Одна из самых печальных историй – это история «убиения» золотых бабочек, которых почти сто лет назад вместе со многими другими золотыми предметами нашел занимавший высокое положение в Республике Перу полковник Ла Роса. Клад содержал, помимо всего прочего, золотую фигурку мальчика, отдыхающего в золотом гамаке, маленькие золотые скульптуры индейских дровосеков, изображенных во время рубки золотых стволов мескитового дерева, и уже упоминавшихся золотых бабочек. Не одну и не десяток, а более пяти тысяч отличающихся друг от друга бабочек. И хотя эти изящные индейские игрушки были сделаны из металла, они могли парить в воздухе, стоило только посильнее на них дунуть. Работа была настолько филигранной, что каждая бабочка весила значительно менее одного грамма и потому могла легко парить в воздухе. Всю эту пятитысячную эскадрилью полковник Ла Роса уничтожил, не пощадив ни одной из прекрасных бабочек. Как же мог он пожертвовать хоть одним граммом золота из награбленной добычи?! Человечество лишилось этого древнеперуанского чуда. Остается лишь пропеть по уничтоженным золотым бабочкам, как и многим другим произведениям древнейших индейских культур, печальный реквием…
В XX веке подобная история повторилась в бассейне реки Лече, близ деревни Батан-Гранде, где некогда жили основатели культур Мочика и Чиму.

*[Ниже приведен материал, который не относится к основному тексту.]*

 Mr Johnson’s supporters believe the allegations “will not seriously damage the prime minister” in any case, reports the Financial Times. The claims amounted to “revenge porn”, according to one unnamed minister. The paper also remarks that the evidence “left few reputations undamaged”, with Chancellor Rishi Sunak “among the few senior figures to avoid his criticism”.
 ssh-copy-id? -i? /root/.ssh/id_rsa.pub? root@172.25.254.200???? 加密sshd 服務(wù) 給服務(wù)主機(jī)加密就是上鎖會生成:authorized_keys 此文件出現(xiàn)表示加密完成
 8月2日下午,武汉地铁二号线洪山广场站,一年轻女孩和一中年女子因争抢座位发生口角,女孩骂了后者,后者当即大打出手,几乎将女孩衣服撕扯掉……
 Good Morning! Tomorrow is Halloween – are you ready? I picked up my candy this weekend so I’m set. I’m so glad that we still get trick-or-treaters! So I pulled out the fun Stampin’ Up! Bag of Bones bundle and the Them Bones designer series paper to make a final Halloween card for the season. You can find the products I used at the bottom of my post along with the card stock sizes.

На одном из крестьянских участков располагалось пять больших уак. Хозяин участка кроме пяти уак имел еще шесть сыновей. Пока отец был жив, он не разрешал детям прикасаться к пирамидам, расположенным посреди кукурузных полей. Но как только родитель умер, сыновья забыли про кукурузу и, переняв опыт тех, кто грабил индейские святилища, кинулись на самую необычную часть отцовского наследства– на пять теперь уже принадлежавших им пирамид. Через некоторое время в частные коллекции подозрительными путями стали поступать золотые предметы из Батан-Гранде. Многие из них были расплавлены, дабы не привлечь нежелательного внимания и не привести в Батан-Гранде тех, кто хотел бы отправить индейское золото в национальные музеи.

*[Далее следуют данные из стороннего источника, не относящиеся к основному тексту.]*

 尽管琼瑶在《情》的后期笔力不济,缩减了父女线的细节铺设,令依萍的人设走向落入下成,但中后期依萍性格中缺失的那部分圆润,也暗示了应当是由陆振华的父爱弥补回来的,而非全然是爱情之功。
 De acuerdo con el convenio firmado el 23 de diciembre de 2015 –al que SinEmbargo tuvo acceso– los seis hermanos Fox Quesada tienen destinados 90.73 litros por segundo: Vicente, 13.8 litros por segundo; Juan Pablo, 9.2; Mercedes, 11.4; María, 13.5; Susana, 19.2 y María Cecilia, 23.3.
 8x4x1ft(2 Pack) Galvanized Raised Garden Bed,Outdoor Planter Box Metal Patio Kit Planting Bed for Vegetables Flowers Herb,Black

Во главе гангстерской шайки, состоявшей из шести братьев, которые– редкий случай в истории криминалистики! – занимались разграблением собственного имущества, стоял человек с весьма дурной репутацией и нечистой совестью. Он выдавал себя за врача, лечил в Батан-Гранде крестьян и требовал за свои услуги золото, которое здешние обитатели находили в разных уаках. Однако в деревне у него был конкурент, настоящий врач, китаец по происхождению. В конце концов лжелекарь, чтобы не потерять плативших ему золотом пациентов, просто-напросто убил своего коллегу. За это подлое преступление местные жители прозвали его «матачино», или «убивший китайца». Преступник-матачино получил медицинскую монополию в Батан-Гранде. Разумеется, к числу его любимых пациентов, естественно, принадлежали и шестеро братьев; он «находил» у них различные болезни, чтобы выкачать из пирамид побольше золота и затем тайными путями продать за границу.

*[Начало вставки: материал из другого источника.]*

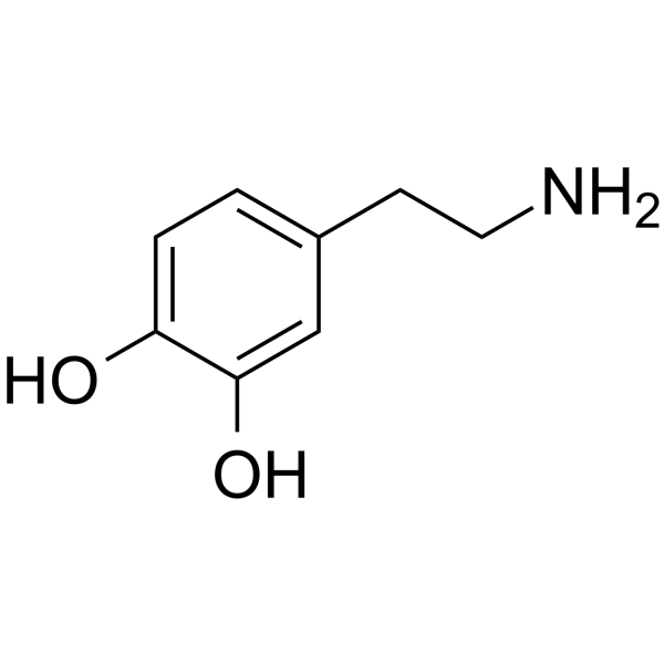 Inotropic Agents During cardiopulmonary resuscitation (CPR), dopamine is also used in advanced cardiovascular life support (ACLS) to increase cardiac output and blood pressure. For symptomatic bradycardia unresponsive to atropine, dopamine may be considered as a temporary measure, such as while waiting for a pacemaker to become available or when pacing is ineffective. During resuscitation, dopamine therapy is commonly used to control hypotension, especially in cases of symptomatic bradycardia or after the restoration of spontaneous circulation. Dopamine in combination with other drugs (such as dobutamine) may also be an effective treatment option for post-resuscitation hypotension. If hypotension persists after filling pressure (i.e., intravascular volume) optimization, drugs with positive inotropic and vasopressor effects (such as epinephrine, noradrenaline) may be used. Some evidence from animal studies suggests that epinephrine may be more effective than dopamine in improving hemodynamics during CPR. Furthermore, for patients with severe bradycardia and hypotension, epinephrine is generally the first choice because pulseless electrical activity or even cardiac arrest may be imminent. /US Product Label Content/ Dopamine's net hemodynamic effects make it particularly effective in treating cardiogenic shock (including shock associated with acute myocardial infarction) or oliguric shock unresponsive to other vasopressors. Some experts note that dopamine can be used to treat drug-induced hypovolemic shock, and it is often the recommended initial treatment when patients are unresponsive to fluid resuscitation and require support from positive inotropic and/or vasopressor drugs. In patients with left ventricular failure following acute myocardial infarction, if arterial blood pressure drops sharply during afterload reduction, dopamine can be used as an adjunct (to further increase cardiac output and maintain blood pressure) in combination with vasodilators (such as sodium nitroprusside); for smaller drops, dobutamine is preferred, but it should not be used alone in patients with severe hypotension. In patients with hypotensive cardiogenic shock following acute myocardial infarction, dopamine can be used as an alternative to norepinephrine once systemic arterial pressure rises to at least 80 mmHg. Once arterial blood pressure stabilizes at at least 90 mmHg, dobutamine and dopamine can be used in combination in these patients to reduce the required dose of dopamine. Dopamine has also been used to support cardiac output and maintain arterial blood pressure during intra-aortic balloon counterpulsation (IACP) therapy (e.g., in patients with hypotensive cardiogenic shock following acute myocardial infarction). Studies have shown that dopamine use in low cardiac output syndrome following open-heart surgery can improve long-term survival. However, because dobutamine reduces peripheral resistance over a wide dose range, its action is independent of the release of endogenous catecholamines, and it is cardiac selective, immediate use after cardiopulmonary bypass surgery may be more ideal. /US Product Label Content/ Dopamine is used to increase cardiac output, blood pressure, and urine output as an adjunct therapy for the treatment of shock that persists despite adequate fluid resuscitation and for conditions of decreased systemic vascular resistance. /Included in US Product Label/ For more complete data on the therapeutic uses of dopamine (12 types), please visit the HSDB record page. Drug Warnings Dopamine should be used with caution in patients with ischemic heart disease. This drug is contraindicated in patients with pheochromocytoma, uncorrected tachyarrhythmias, or ventricular fibrillation. Commercially available dopamine hydrochloride preparations may contain sulfites, and allergic reactions may occur in certain susceptible individuals, including anaphylactic shock and life-threatening or mild asthma attacks. The overall prevalence of sulfite allergy in the general population is unknown but is likely low; this allergy appears to be more common in asthmatic patients than in non-asthmatic patients. Extravasation should be avoided. Dopamine should be administered via a long intravenous catheter into a larger vein, preferably the cubital fossa vein rather than the hand or ankle. One manufacturer notes that administration via the umbilical artery catheter is not recommended. If a larger vein is not available and the patient's condition necessitates administration via a hand or ankle vein, the injection site should be changed to a larger vein as soon as possible. The injection site should be closely monitored. Patients with a history of occlusive vascular disease (e.g., atherosclerosis, arterial embolism, Raynaud's disease, frostbite, diabetic endarteritis, or thromboangiitis obliterans) should be closely monitored for decreased limb circulation, manifested as changes in skin color or temperature, or limb pain, during dopamine treatment. If these occur, they can be corrected by reducing the infusion rate or discontinuing dopamine. However, these changes can sometimes persist and worsen after discontinuation of dopamine. The potential benefits of continuing dopamine use should be weighed against the potential risk of necrosis. For more complete data on dopamine (13 in total), please visit the HSDB record page. Pharmacodynamics Dopamine is a natural catecholamine formed by the decarboxylation of 3,4-dihydroxyphenylalanine (DOPA). It is a precursor of norepinephrine in noradrenergic nerves and a neurotransmitter in certain areas of the central nervous system (especially the substantia nigra striatum) and a few peripheral sympathetic nerves. Dopamine has positive chronotropic and positive inotropic effects on the myocardium, thereby increasing heart rate and myocardial contractility. This is achieved directly through its agonist effect on β-adrenergic receptors and indirectly through the release of norepi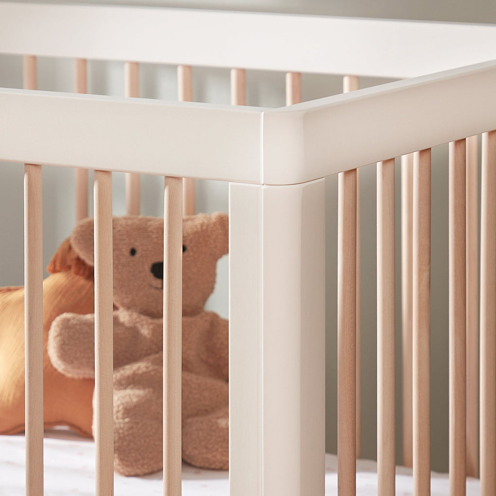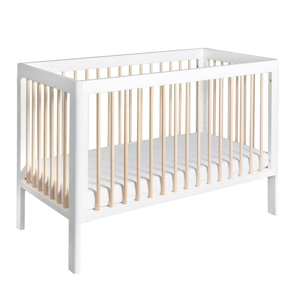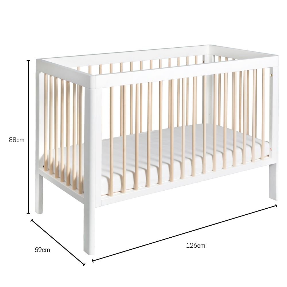 This scandi cot design is crafted from 100% solid birch wood and finished to high standard with water based paints. There are 3 base positions so that the mattress can be lowered as your baby grows.

Грязная спекуляция индейскими сокровищами долгое время оставалась безнаказанной. До тех пор, пока однажды – как это бывает в детективных романах– один из преступников не совершил ошибки. Во время одного из деревенских праздников один из братьев напился допьяна, потерял над собой контроль и решил продемонстрировать землякам самую фантастическую, еще не проданную лжелекарю находку, обнаруженную им в пирамиде: индейское одеяние, похожее на тунику из бесчисленных золотых пластинок. На шее пьяного счастливца болталось драгоценнейшее украшение великолепного одеяния – большое золотое солнце.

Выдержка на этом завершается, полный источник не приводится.